Tendre et saignant de Christopher Thompson

Publié le 14/01/2022 par Grégory Cavinato / Catégorie: Critique

50 nuances de rouge

Rédactrice en chef d'un grand magazine de mode fréquentant la haute société parisienne, Charly (Géraldine Pailhas) hérite de la boucherie familiale après le décès soudain de son père, Jacques (Jean-François Stévenin). Alors qu'elle s'apprête à vendre l’établissement, elle est confrontée à Martial (Arnaud Ducret), l’artisan-boucher de la maison, bien décidé à se battre pour sauver le commerce. Séduite malgré elle par le charme vieux-jeu de Martial, qui, dans un premier temps, lui ment et prétend être fleuriste pour la mettre dans son lit, Charly pourrait être amenée à changer d’avis et, par la même occasion, à réexaminer ses valeurs. Alors que tout les oppose, Charly et Martial vont devoir cohabiter.

Tendre et saignant de Christopher Thompson

Dès la lecture du pitch, on ne peut qu’éprouver une certaine sympathie envers une œuvre qui, envers et contre tout, tente, à l’heure où la consommation de viande rouge est pratiquement considérée comme un crime contre l’Humanité, de célébrer un art qui se perd. Un film du terroir en forme de rêve humide de Jean-Pierre Coffe, en quelque sorte… Ici, la viande et sa préparation sont filmées de manière quasi-fétichiste et les moindres détails du travail d’un BON boucher (à ne pas confondre avec les charlatans qui noient leur viande dans les antibiotiques) sont montrés en long et en large, avec le parti-pris courageux d’encourager la consommation en filmant des pintades, des gigots et des chapons comme un interrogatoire de Sharon Stone. Martial, en effet, est un artisan consciencieux, qui voyage loin pour choisir ses produits, avec la qualité de la viande, le bonheur de ses clients et le bien-être de la bête (avant le passage à l’abattoir, bien entendu) pour seuls objectifs.  

Voilà une comédie familiale romantique on ne peut plus traditionnelle, idéale pour le prime-time, sur un éternel clash des valeurs rurales / citadines en toile de fond : Martial est un bon vivant un peu plouc, pas sophistiqué pour un sou, qui chante du Jean-Jacques Goldman en karaoké, tandis que Charly est une femme moderne, sophistiquée et débordée, snob et méprisante envers ce métier qu’elle a fui depuis longtemps.
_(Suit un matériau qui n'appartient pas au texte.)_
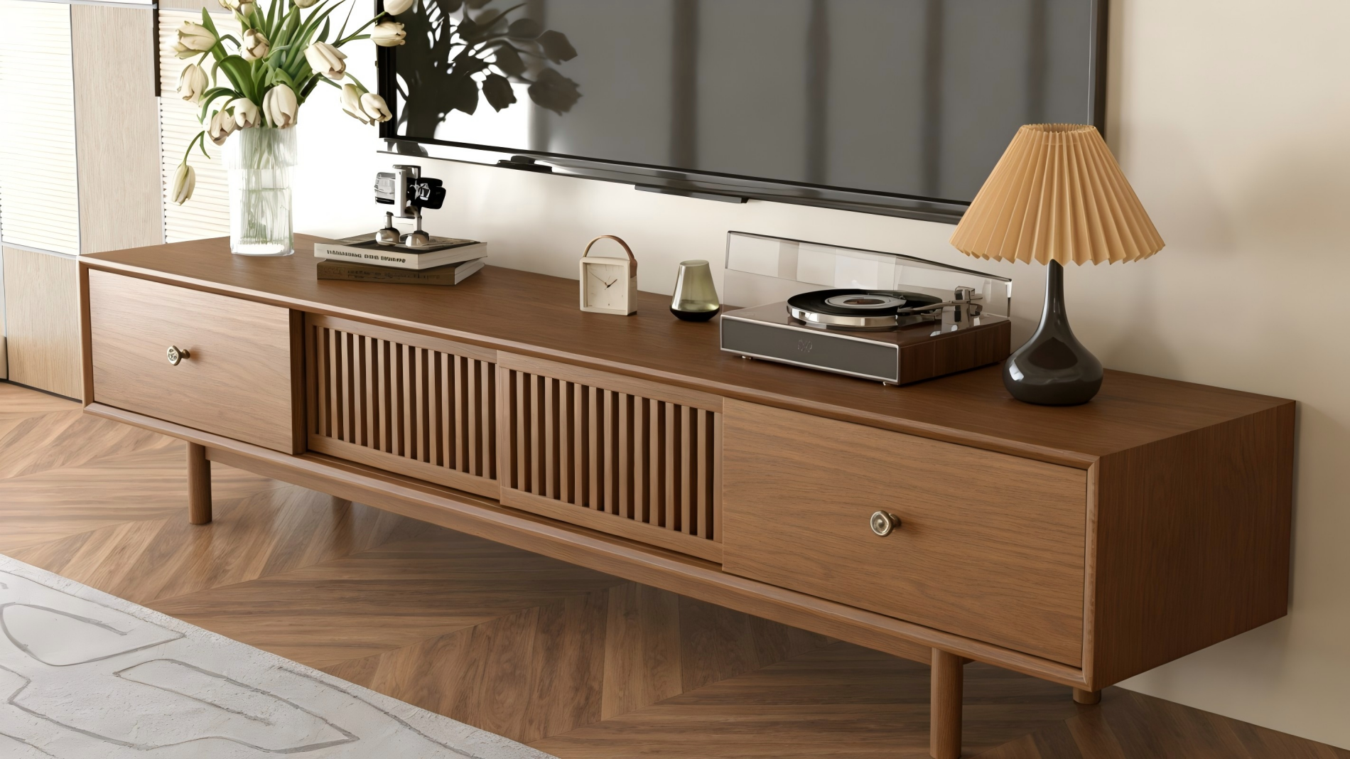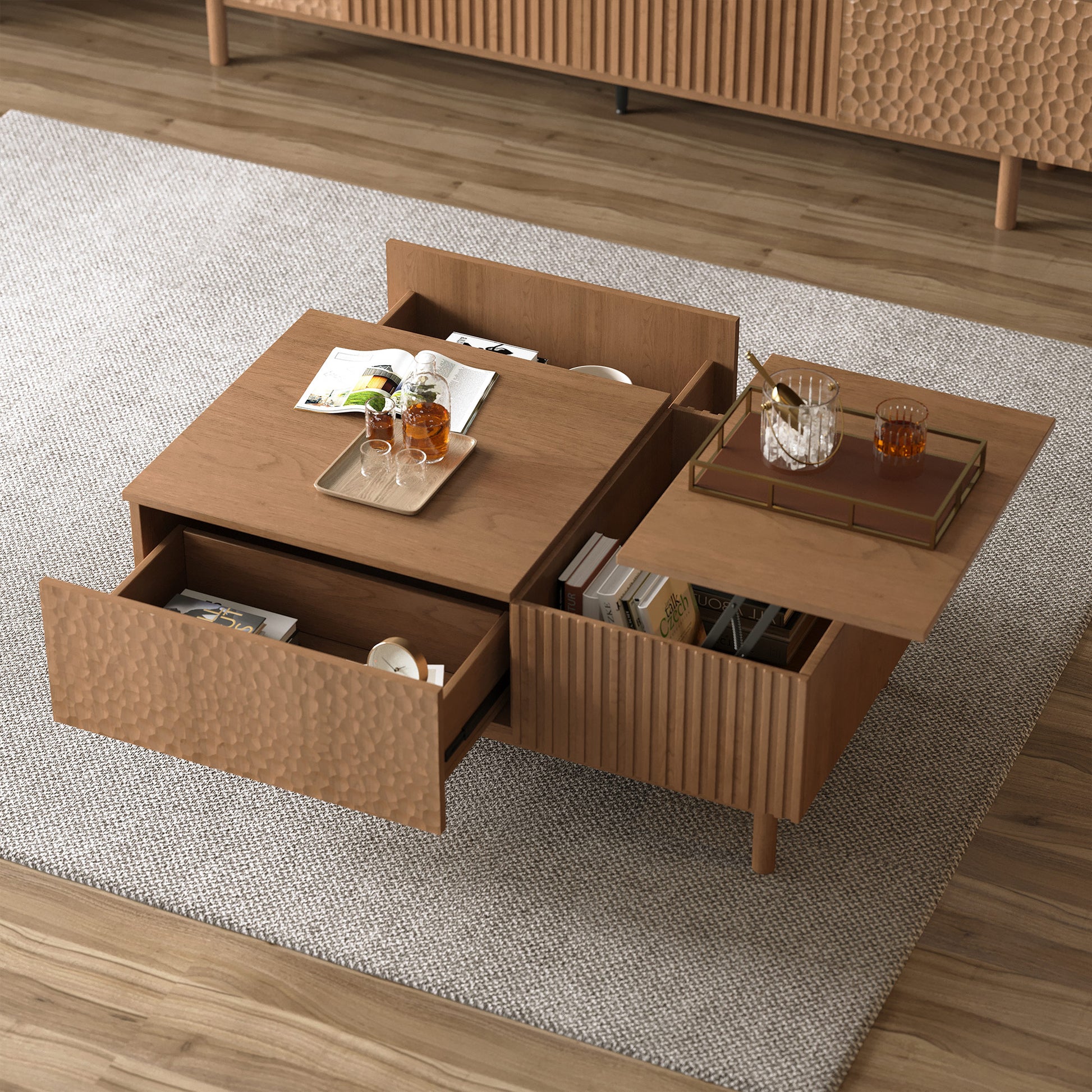 Smart Storage with Lift-Top Compartment: Beyond its beauty, it’s incredibly functional. The split tabletop design includes a lift-top compartment (or hidden storage access) alongside spacious drawers, providing a discreet place to stash remotes, laptops, and living room essentials to keep your space clutter-free.

Martial tente péniblement de lui réapprendre l’amour du terroir à grands coups de maximes du style : « Manger son beefsteak saignant représente à la fois une nature et une morale ». Mais Charly « ne goûte plus la vie » : elle n’apprécie plus rien ni personne et a oublié d’où elle vient, perdue dans la vacuité de son univers matérialiste. De son côté, Martial risque également de se perdre en essayant, via les réseaux sociaux, de devenir le boucher le plus populaire et le plus sexy de France et de Navarre.
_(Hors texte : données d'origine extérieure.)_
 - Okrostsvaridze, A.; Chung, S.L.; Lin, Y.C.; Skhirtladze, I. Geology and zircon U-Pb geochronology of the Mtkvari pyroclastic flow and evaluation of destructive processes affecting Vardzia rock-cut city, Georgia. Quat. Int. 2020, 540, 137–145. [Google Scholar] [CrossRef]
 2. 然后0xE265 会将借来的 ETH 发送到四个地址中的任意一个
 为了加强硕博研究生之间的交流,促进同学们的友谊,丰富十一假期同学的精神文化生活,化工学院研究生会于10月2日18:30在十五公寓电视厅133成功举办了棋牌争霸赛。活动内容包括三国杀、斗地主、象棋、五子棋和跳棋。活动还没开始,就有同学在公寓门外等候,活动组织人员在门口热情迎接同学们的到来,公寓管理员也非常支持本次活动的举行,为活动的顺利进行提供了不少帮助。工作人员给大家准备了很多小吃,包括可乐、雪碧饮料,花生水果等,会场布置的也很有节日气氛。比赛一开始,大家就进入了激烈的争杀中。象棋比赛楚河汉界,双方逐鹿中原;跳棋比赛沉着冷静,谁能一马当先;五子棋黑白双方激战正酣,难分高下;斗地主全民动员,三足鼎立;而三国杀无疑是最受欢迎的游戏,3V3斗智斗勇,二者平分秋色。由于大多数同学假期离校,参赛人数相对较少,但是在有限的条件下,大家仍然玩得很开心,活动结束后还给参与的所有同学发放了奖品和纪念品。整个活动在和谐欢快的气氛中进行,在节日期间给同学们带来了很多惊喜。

Si le couple à l’écran est mal assorti, cela se reflète à merveille dans le casting : alors qu’Arnaud Ducret, comédien au physique et au phrasé très télévisuels, manque cruellement de charisme, Géraldine Pailhas s’avère, comme à son habitude, irrésistible de charme, filmée amoureusement par un cinéaste qui n’est autre que son mari.  
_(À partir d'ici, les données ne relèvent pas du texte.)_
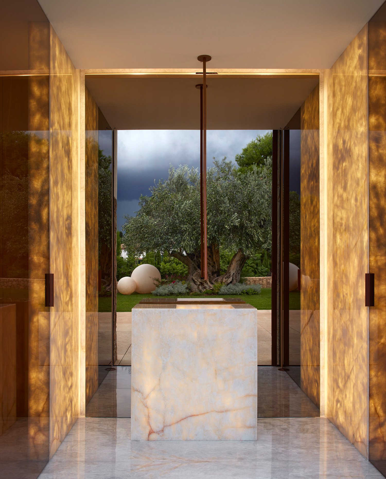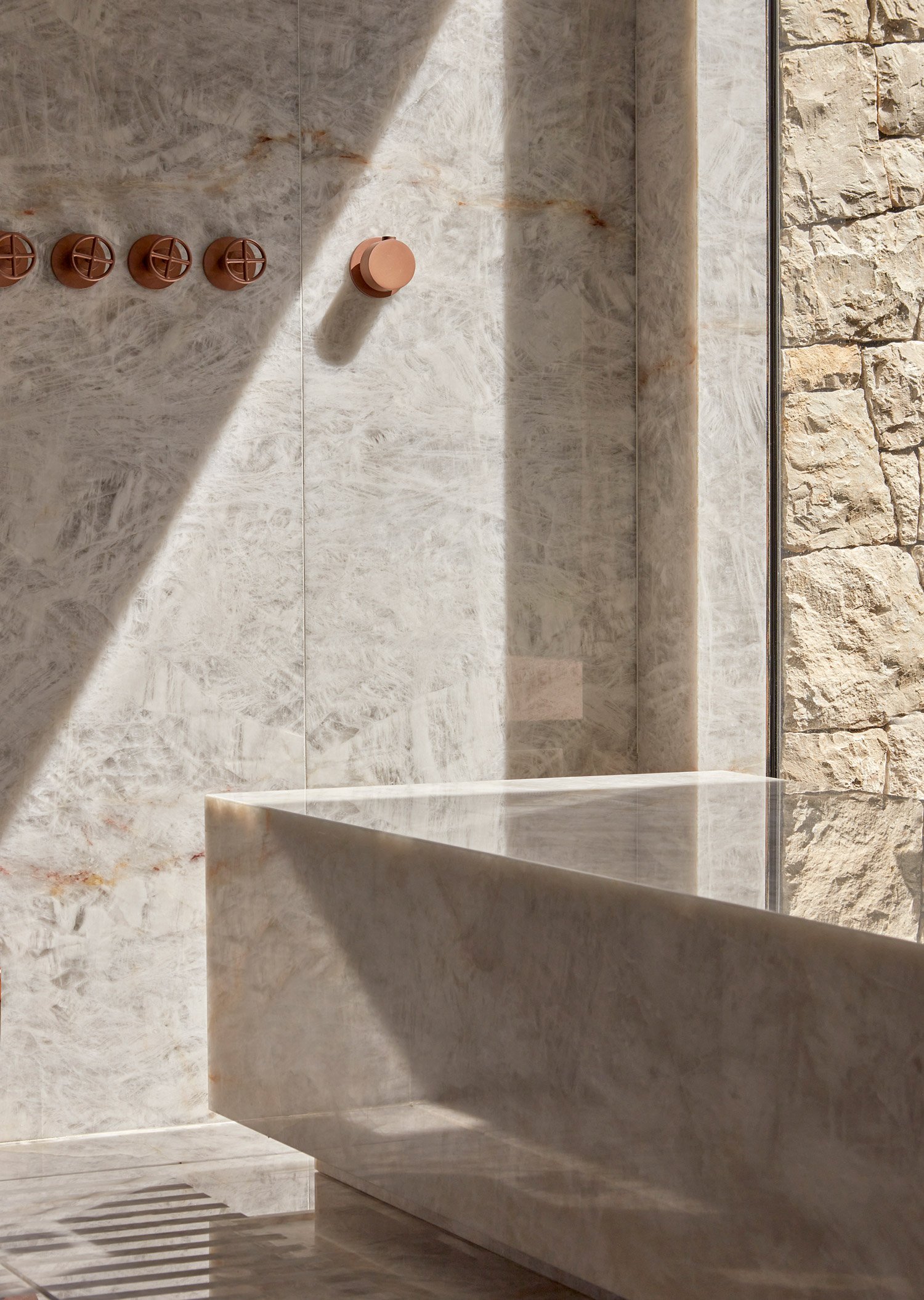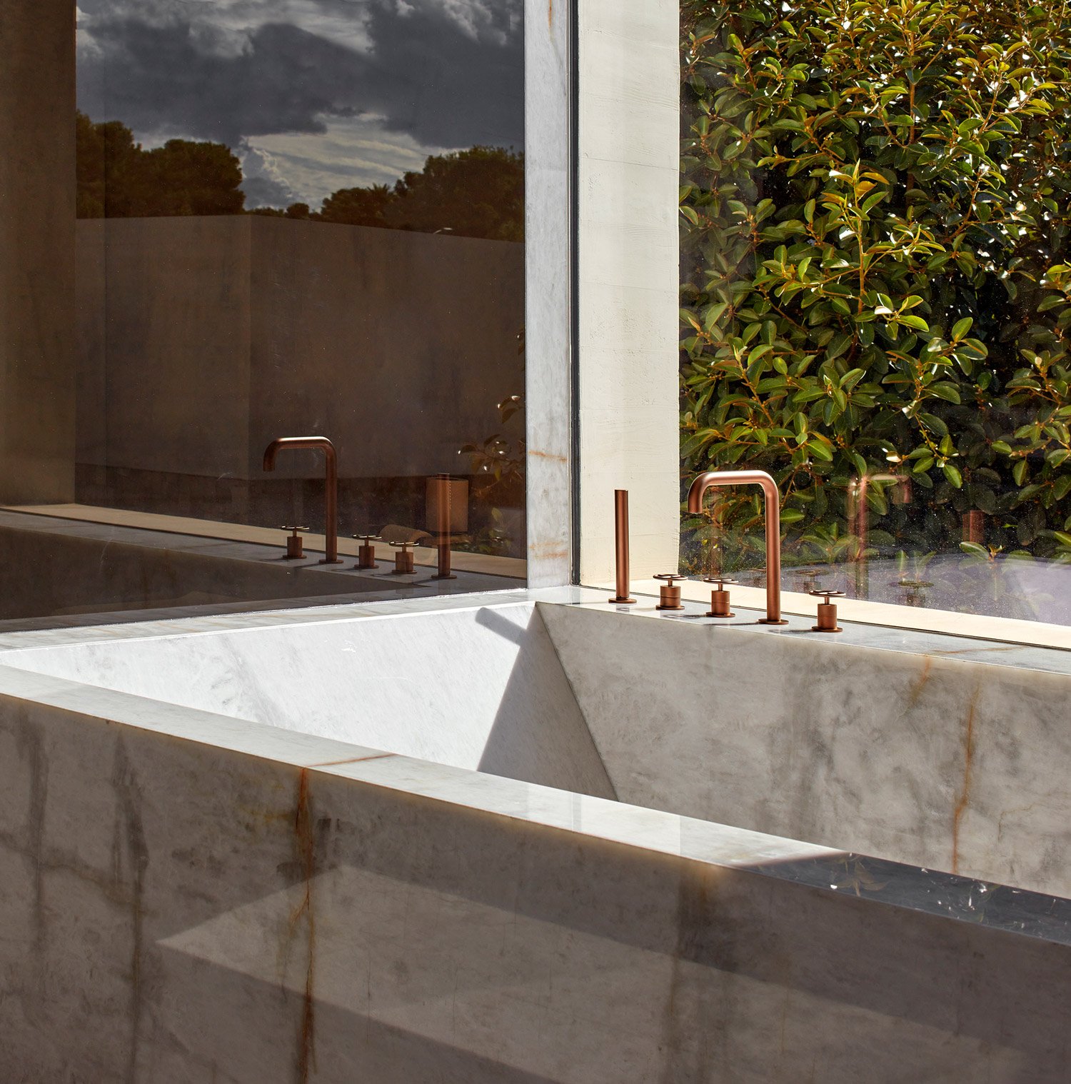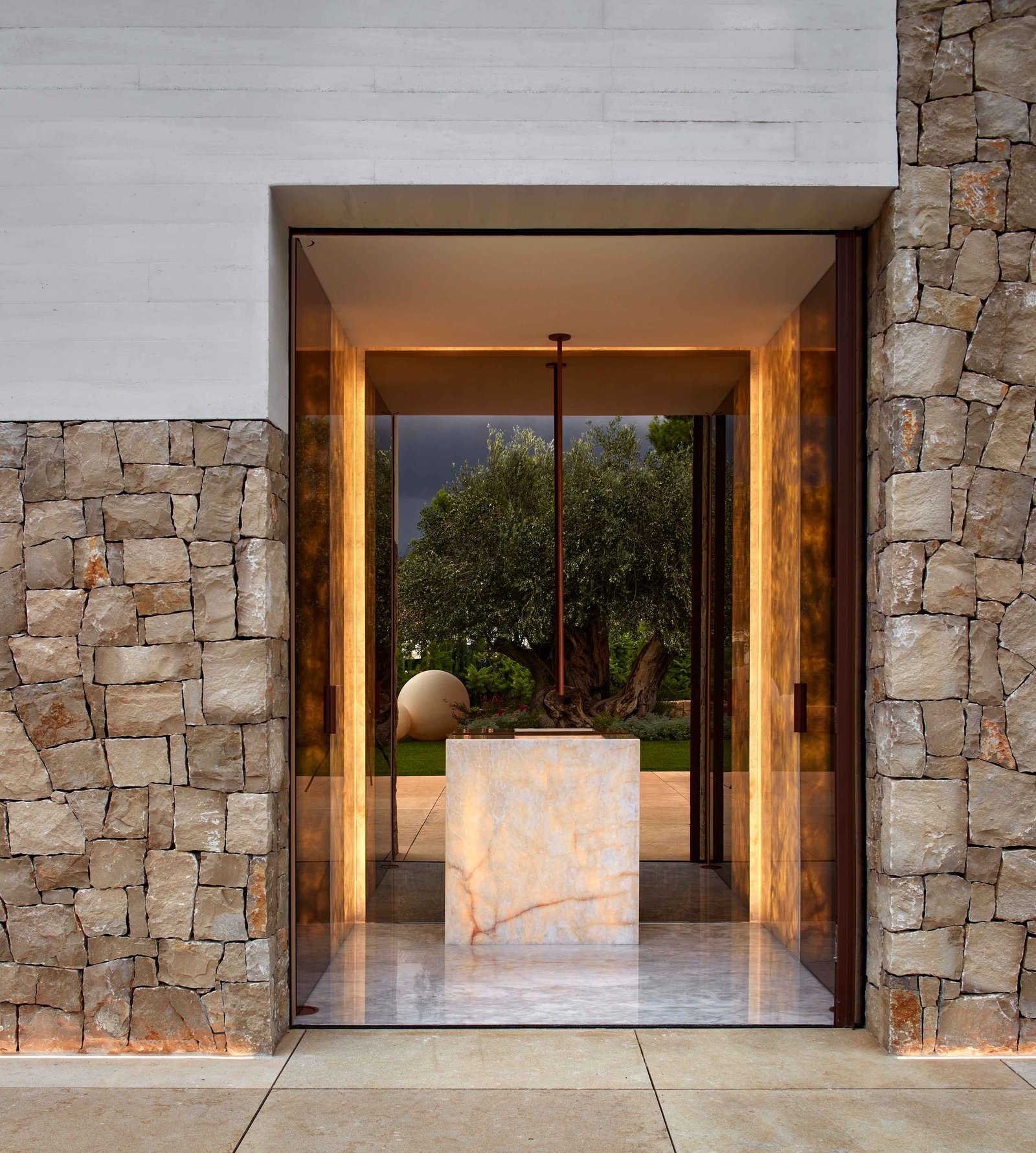 The stone plinth is topped by a white concrete trim, cast in such a way that the two materials form an expressive, complementary set that provides the house with a strong tectonic character.

Certes, Christopher Thompson (Bus Palladium), petit-fils de Gérard Oury et fils de Danièle Thompson (dont il a scénarisé la plupart des films), use, pour son second film de réalisateur, de très vieilles ficelles jusqu’à la corde. Mais pour peu que l’on soit indulgent, l’ensemble, plaisant, se laisse déguster comme un énorme plateau de charcuterie : on sort de la salle en ayant un peu honte, mais repu.